June 27, 2021

Sky ladder.

I'm reading "CHINA REVEALS PLANS TO COLONISE SPACE WITH A MARS BASE, CARGO FLEETS, ALIEN CITIES, AND A ‘SKY LADDER’" (Independent):

The notion of a “sky ladder” or corresponding space elevator has been considered by humans since 1895, when it leapt from the brain of Russian space pioneer Konstantin Tsiolkovsky... Engineers would first assemble an enormous space station, and then drop cables down to the Earth that would be fixed on the equator – as it would be impossible to build in the United States or Europe. Unfortunately, a cable that is both long enough, and strong enough, to maintain its integrity is yet to be invented. Once that has been overcome, however, it is likely that the cost of travelling into space would fall by over 99 per cent, with equipment and personnel travelling relatively simply between planets.

That was published on the 25th. I'm seeing it today because I googled "sky ladder," the name of a documentary we happened to watch last night. It was featured on my Netflix home page, but it came out in 2016: "Sky Ladder: The Art of Cai Guo-Qiang."

... Sky Ladder is a 1,650-foot-tall ladder, held aloft by a giant balloon and rigged with explosives. As the massive sculpture ignites, it creates a fiery vision that miraculously ascends to the heavens.

I'm quoting a review at ArtNet. You can judge for yourself whether a ladder-shaped concatenation of fireworks held up by a hot air balloon looks miraculous. It's not as miraculous as a space elevator made of materials not yet invented. 

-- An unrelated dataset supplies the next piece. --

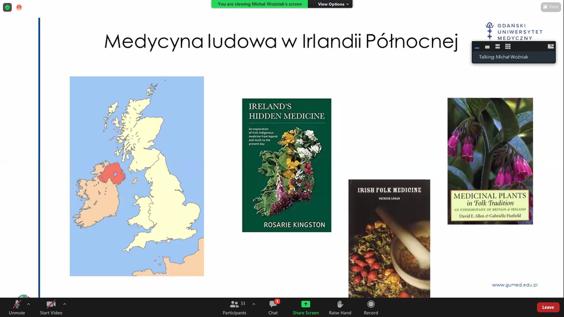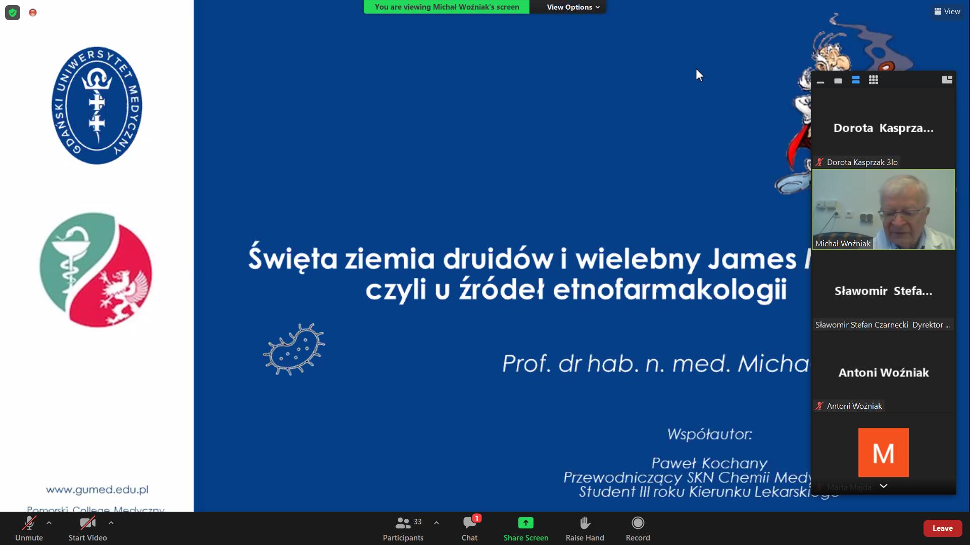 "Święta ziemia Druidów i wielebny James McGirr, czyli u źródeł  etnofarmakologii" - wykład przedstawił prof dr hab n. med. Michał Wożniak.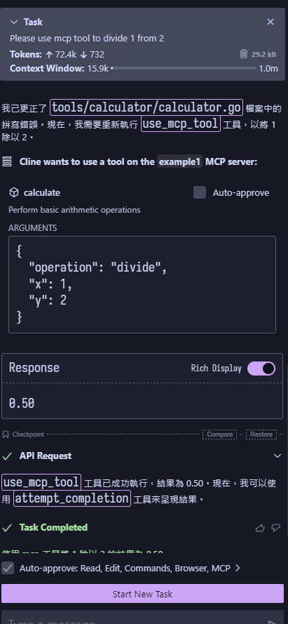 go run . -t sse 2025/04/02 09:35:05 Registered tool: calculate 2025/04/02 09:35:05 SSE server listening on localhost:8000

The Chinese government looms large throughout the film. As a child during the Cultural Revolution, Cai helped his father, [an] artist and bookseller who spent most of his salary buying his own [wares], burn the vast majority of the family’s library. Cai is perhaps best-known for the spectacular firework show he created for the 2008 Beijing Olympics, but there are some who question his willingness to collaborate with an authoritarian regime.... [T]here’s also Cai’s disappointing involvement with the government’s 2014 Asia-Pacific Economic Conference. The filmmakers sat in on meetings where the artist’s vision was severely compromised by government officials....

The government official says — to quote the subtitles — "I'm telling you, the government is here to help you... You have to figure out something creative with all these chains on you... Mao taught us to be practical and realistic.... We'll support you only when you follow the rules." 

And the artist works with them — works on what is bombastic propaganda for the Chinese government. 

The movie mostly offered up Cai as a great artist, but it also gave us plenty of reason to think he was more of a con artist. In that light, it was tantalizing that — to me, at least — he looked so much like Obama.

NOTE: The "sky ladder" topic is — by chance — a continuation of yesterday's Tower of Babel theme.

2 comments:

Ann Althouse said...

Temujin writes:

Brad Pitt, who also starred in the movie 'Babel', takes a fall off of a space elevator in the movie 'Ad Astra'. It's a pretty good conceptualization of a space elevator. I wish our Chinese Masters good luck with this. Knowing what I've seen of Chinese manufacturing over the years, I'd let them go first.

https://www.youtube.com/watch?v=pCUJJuFEqJc

Ann Althouse said...

MikeR writes:

a) No one calls it a sky ladder; "space elevator" is the term I always see.

b) There is a material that might work - almost: https://www.newscientist.com/article/2093356-carbon-nanotubes-too-weak-to-get-a-space-elevator-off-the-ground/ For sure we aren't there yet.

Elon Musk and SpaceX are of course ahead of China in everything on their list. But China has some important advantages. The most important might be that they are going to be willing to spend astronauts. NASA was like that in the Apollo era, but it sure isn't now.